- **What is needed**: From the first line of the data down to and including the line with "据数据宝统计,截至3月31日", copy everything exactly, leaving out pictures.
[Opening Entries provided section]
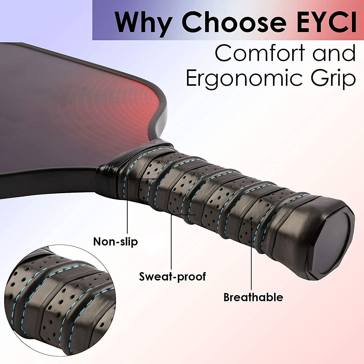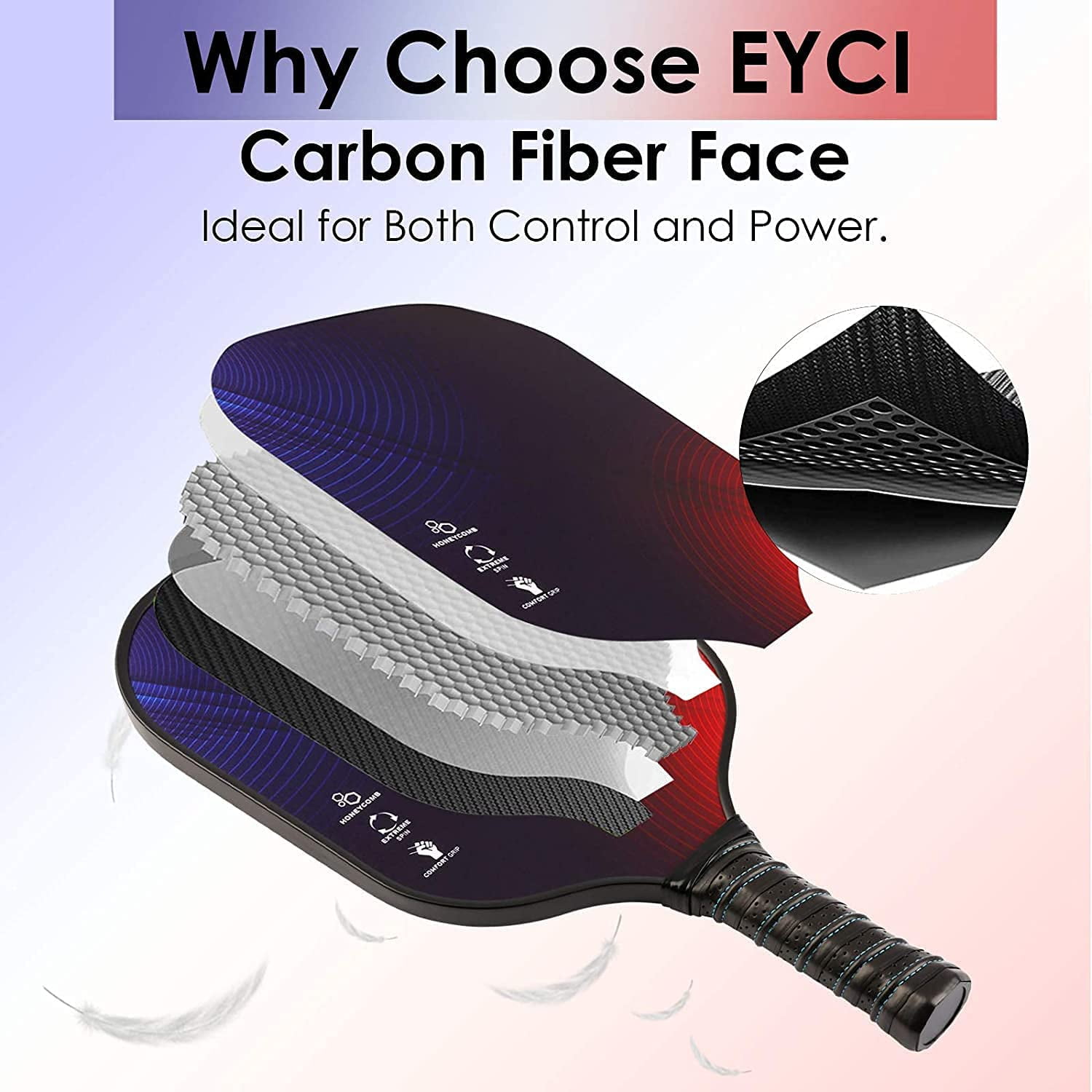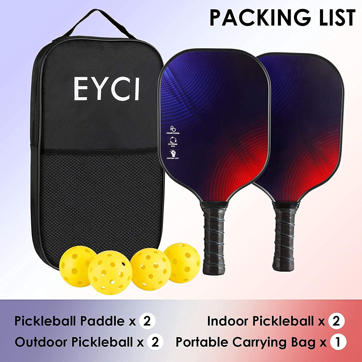 EYCI Graphite Carbonfiber Pickleball Paddle Set – 2 Fiberglass Surface Rackets, 4 Pickleballs for Indoor and Outdoor
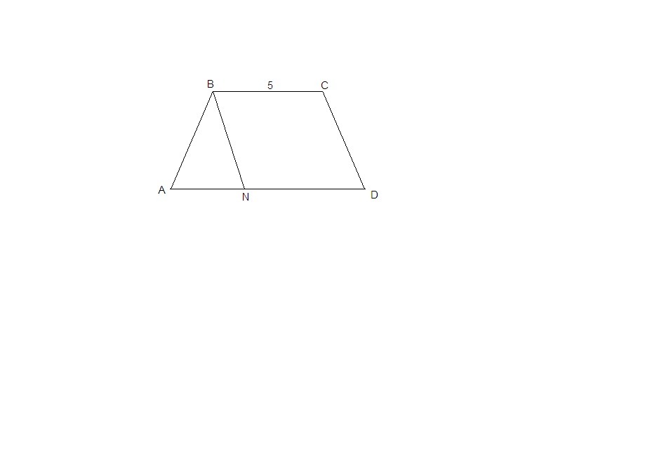 В равнобедренной трапеции ABCD через вершину B проведена прямая, которая параллельна стороне CD и пересекает сторону AD в точке N.
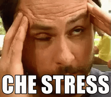 Man holding his head in pain with 'CHE STRESS' text overlay, expressing extreme frustration.
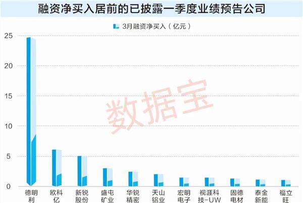 据数据宝统计,截至3月31日,3月以来上述26股获融资净买入金额合计达到37.31亿元,其中11股融资净买入金额超过1亿元,德明利、欧科亿、新锐股份居前,分别达到24.76亿元、6.1亿元、5.03亿元。
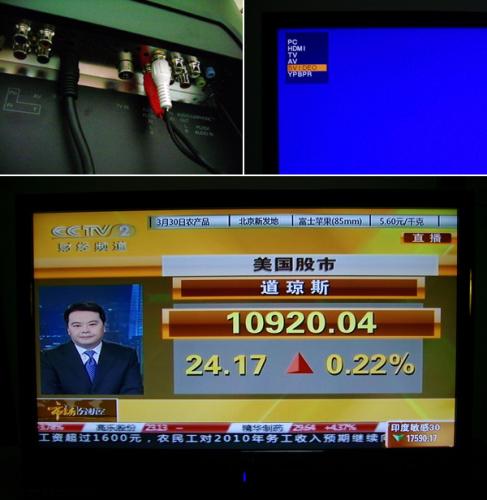 先接上S-Video視頻端子,進(jìn)入VP2431菜單選擇相應(yīng)信號(hào)來源,接下來就可以用VP2431看電視羅,屏幕上正在直播CCTV財(cái)經(jīng)頻道的市場分析節(jié)目。備注:對(duì)于視覺效果每個(gè)人的感受不同,加上咱家的拍攝環(huán)境、器材和拍攝技術(shù)所限,因此阿基獅在此不對(duì)屏幕畫質(zhì)進(jìn)行評(píng)價(jià),還請(qǐng)見諒羅~
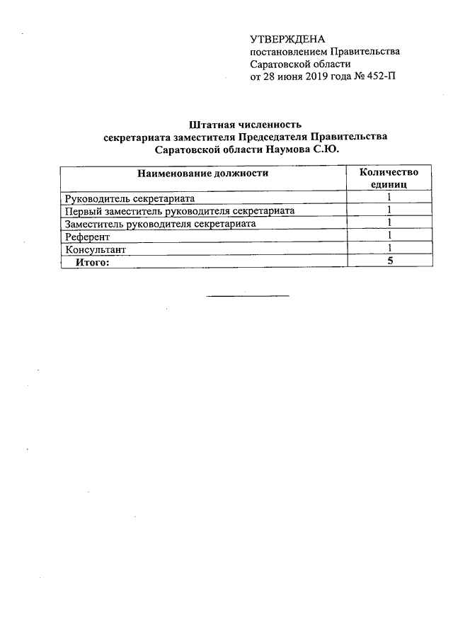 Постановление Правительства Саратовской области от 28.06.2019 N 452-П "Об образовании и утверждении штатной численности секретариата заместителя Председателя Правительства Саратовской области Наумова С.Ю."
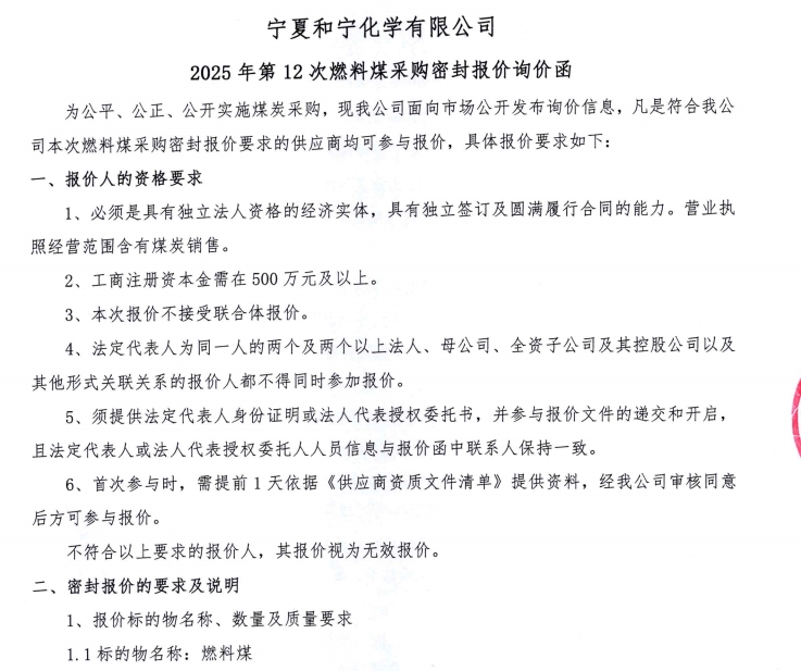 寧夏和寧化學(xué)有限公司2025年第12次燃料煤采購密封報(bào)價(jià)詢價(jià)函.pdf [全文]
[Closing Entries provided section]
- **Result**:
 EYCI Graphite Carbonfiber Pickleball Paddle Set – 2 Fiberglass Surface Rackets, 4 Pickleballs for Indoor and Outdoor
 В равнобедренной трапеции ABCD через вершину B проведена прямая, которая параллельна стороне CD и пересекает сторону AD в точке N.
 Man holding his head in pain with 'CHE STRESS' text overlay, expressing extreme frustration.
 据数据宝统计,截至3月31日,3月以来上述26股获融资净买入金额合计达到37.31亿元,其中11股融资净买入金额超过1亿元,德明利、欧科亿、新锐股份居前,分别达到24.76亿元、6.1亿元、5.03亿元。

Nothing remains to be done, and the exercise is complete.